The ball had made a jagged hole halfway up the front window. I didn’t know if this was unusual, but it looked pretty fragile. We gathered the glass on the floor into a messy pile and I left to find some gaffer tape to run in a cross over the window like I’d seen on TV. The Two-Dollar Shop only had cheap looking masking tape so I trudged down the hall and around the corner to Dick Smith.
When I arrived back Rocky was standing still, looking at his hand. A steady flow of blood was streaming from his palm onto the floor.
‘Shit, Rocky. You cut yourself?’ I asked, putting the tape on the floor.
He nodded and kept focused on the blood. I took his wrist and gently turned it over to look at the wound. A coin size chunk of glass was sticking out of the fleshy part of his hand.
‘Fuck,’ I said.
I looked at his face. It seemed calm, as per usual. I kept a hold of his wrist and reached over to grab a thin scarf from a rack nearby.
‘I’m going to take it out, okay?
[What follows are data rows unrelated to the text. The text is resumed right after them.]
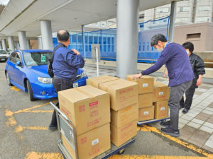 令和6年3月11日・12日の両日。能登半島地震で被災した石川県の4病院へ(株)三幸製作所、(株)興伸工業が製造している医療機器をカネパッケージグループから寄贈致しました。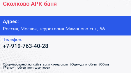 Сколково-АРК, баня по адресу Россия, Москва, территория Мамоново снт, 56 в дальнейшем Организация, размещена в следующих категориях: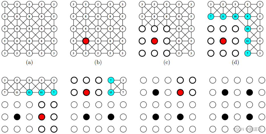 - 选取当前图上未被分类的点中权重最大的点,将其加入粗网格格点集,将其所有邻居加入细网格格点集;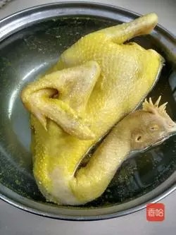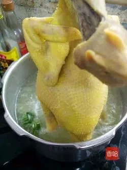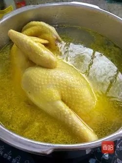 鸡煮七成熟关火热汤里浸泡25分钟,途中要翻动一下使鸡均匀受热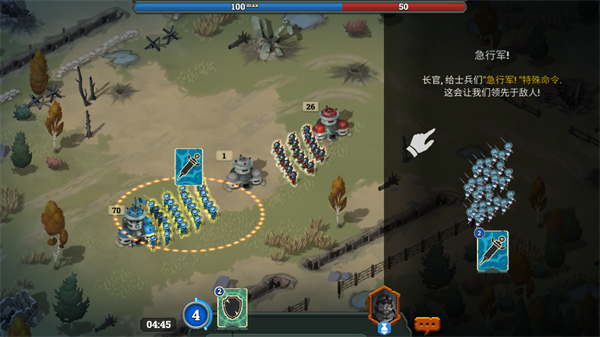 5、當(dāng)雙方同時(shí)爭奪同一地堡時(shí),可發(fā)動(dòng)“急行軍”快速突襲,搶先占領(lǐng)并借助地堡的防御加成,抵御后續(xù)敵軍的反撲。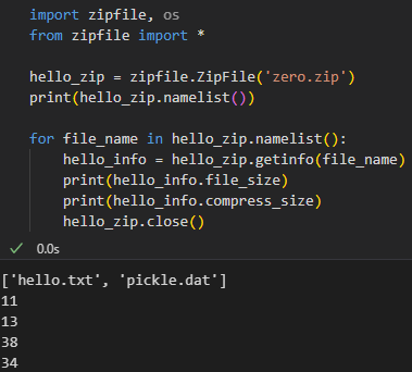 zipfile(File, Mode, Compression) | Mode와 Compression에 맞춰 압축 파일을 생성 |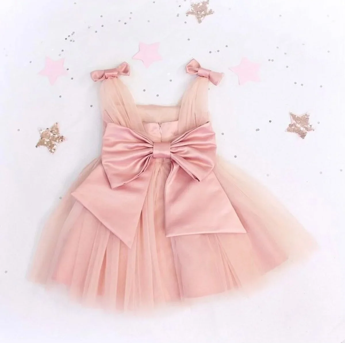 Kız Çocuk Pudra renk parti party doğum günü elbisesi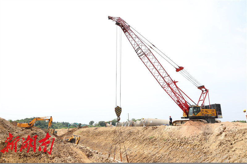 铁山灌区坪费湖补(引)水工程项目于2024年8月3日正式开工建设。目前,管道部分完成管道安装14.5公里,泵站部分已完成主、副厂房下部结构和进水流道工程施工,完成了项目总进度的82%。

When I do, can you put this scarf in your hand and clench it into a fist?’
Rocky glanced at the scarf for a moment.
‘Can I have a blue one?’ he asked.
I looked at him, then at the beige scarf in my hand.
‘Mum has that one,’ he said.
‘Yeah, of course,’ I replied and reached back for a blue version.
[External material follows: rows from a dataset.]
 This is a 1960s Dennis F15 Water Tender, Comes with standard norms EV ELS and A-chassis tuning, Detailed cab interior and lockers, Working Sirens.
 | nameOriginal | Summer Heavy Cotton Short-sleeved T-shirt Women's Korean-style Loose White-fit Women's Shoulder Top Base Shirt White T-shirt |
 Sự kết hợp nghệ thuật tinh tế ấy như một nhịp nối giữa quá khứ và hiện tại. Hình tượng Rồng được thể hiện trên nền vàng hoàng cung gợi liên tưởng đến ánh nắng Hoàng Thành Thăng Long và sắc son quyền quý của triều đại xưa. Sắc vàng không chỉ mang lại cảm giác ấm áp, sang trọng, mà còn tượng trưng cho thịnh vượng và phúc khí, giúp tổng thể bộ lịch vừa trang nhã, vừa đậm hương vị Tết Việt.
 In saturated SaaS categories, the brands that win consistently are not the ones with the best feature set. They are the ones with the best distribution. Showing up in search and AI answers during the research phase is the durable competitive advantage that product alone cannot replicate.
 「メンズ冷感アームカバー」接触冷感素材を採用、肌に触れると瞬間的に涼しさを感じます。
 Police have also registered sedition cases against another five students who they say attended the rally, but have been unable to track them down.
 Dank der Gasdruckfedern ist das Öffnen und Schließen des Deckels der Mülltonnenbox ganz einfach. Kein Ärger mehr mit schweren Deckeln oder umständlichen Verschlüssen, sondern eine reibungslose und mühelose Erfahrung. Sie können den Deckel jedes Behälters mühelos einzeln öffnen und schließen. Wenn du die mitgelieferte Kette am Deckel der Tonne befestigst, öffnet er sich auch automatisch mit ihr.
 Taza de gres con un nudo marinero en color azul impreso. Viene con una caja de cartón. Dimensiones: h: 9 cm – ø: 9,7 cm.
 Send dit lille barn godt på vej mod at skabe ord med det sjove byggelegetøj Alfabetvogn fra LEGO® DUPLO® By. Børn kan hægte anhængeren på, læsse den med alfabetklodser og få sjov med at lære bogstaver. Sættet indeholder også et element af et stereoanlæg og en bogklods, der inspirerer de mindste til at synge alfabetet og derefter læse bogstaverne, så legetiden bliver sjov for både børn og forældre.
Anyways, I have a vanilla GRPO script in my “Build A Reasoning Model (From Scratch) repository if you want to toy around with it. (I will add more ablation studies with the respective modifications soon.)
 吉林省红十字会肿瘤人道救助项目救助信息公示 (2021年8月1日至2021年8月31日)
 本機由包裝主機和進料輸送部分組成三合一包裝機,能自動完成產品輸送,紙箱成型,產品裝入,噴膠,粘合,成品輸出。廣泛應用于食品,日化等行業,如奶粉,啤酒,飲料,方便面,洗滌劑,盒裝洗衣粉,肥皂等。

I put the scarf in Rocky’s good hand and took a firm grip on the glass. I hesitated for a second, then pulled upward. Rocky gave a
small shudder as the glass slid slowly out of his flesh.
It was a fucking iceberg. The glass inside him more than double the size of that outside. I stared at it, slightly astounded, until I realised that Rocky hadn’t clenched the scarf in his hand. Instead he was watching the increased flow of blood run down his pale fingers.
‘Rocky! The scarf,’ I said.
He came to and limply clenched the scarf. It quickly turned red.
I used the gaffer tape to circle his hand and stop the bleeding until we could get to Friendlies Chemist. When it was secure and the pool of blood on the floor had stopped expanding, I radioed Taylor and Lizzy and prepared for a blasting.
The three of us spent an hour or so in the kitchenette at Friendlies dealing with the wound. We realised quickly that it probably needed stitches but none of us were physically or mentally capable of performing this. So for a half-hour we just cleaned and disinfected and thought through our options.
Eventually the bleeding had almost stopped so it was plausible that keeping the wound dressed and clean would eventually see it scab over and heal. The trouble was that the gash was right in the middle of Rocky’s hand, so any movement would open it up and restart the bleeding. We settled on a large swab of cotton padding, wrapped tight to his palm by gauze, which we taped over with medical adhesive. It was large and a little clumsy and we could see it coming off within hours unless Rocky stayed still.
Scanning the long fluorescent aisles, Lizzy found a kind of hessian glove used to exfoliate dead skin. When she arrived back in the kitchenette wearing the glove and a manic smile, Taylor and I thought she had lost her shit. But, to Lizzy’s credit, the glove made for a perfect outer barrier to Rocky’s makeshift bandage. It kept all the dressing in place but still allowed his skin to breathe underneath. Taylor popped open a couple of Panadol Rapids and gave them to Rocky for the pain. She put the remainder of the packet in his shorts along with dosage instructions. Rocky listened, but had shown no real sign of discomfort throughout the process. Before long he had drifted back to JB’s.
I met Taylor and Lizzy at Kitchen Warehouse a little while later. They were hovering over a pot of soup simmering on a small portable gas burner at the back of the store. I sat sheepishly on the bench adjacent. Neither of them could look at me.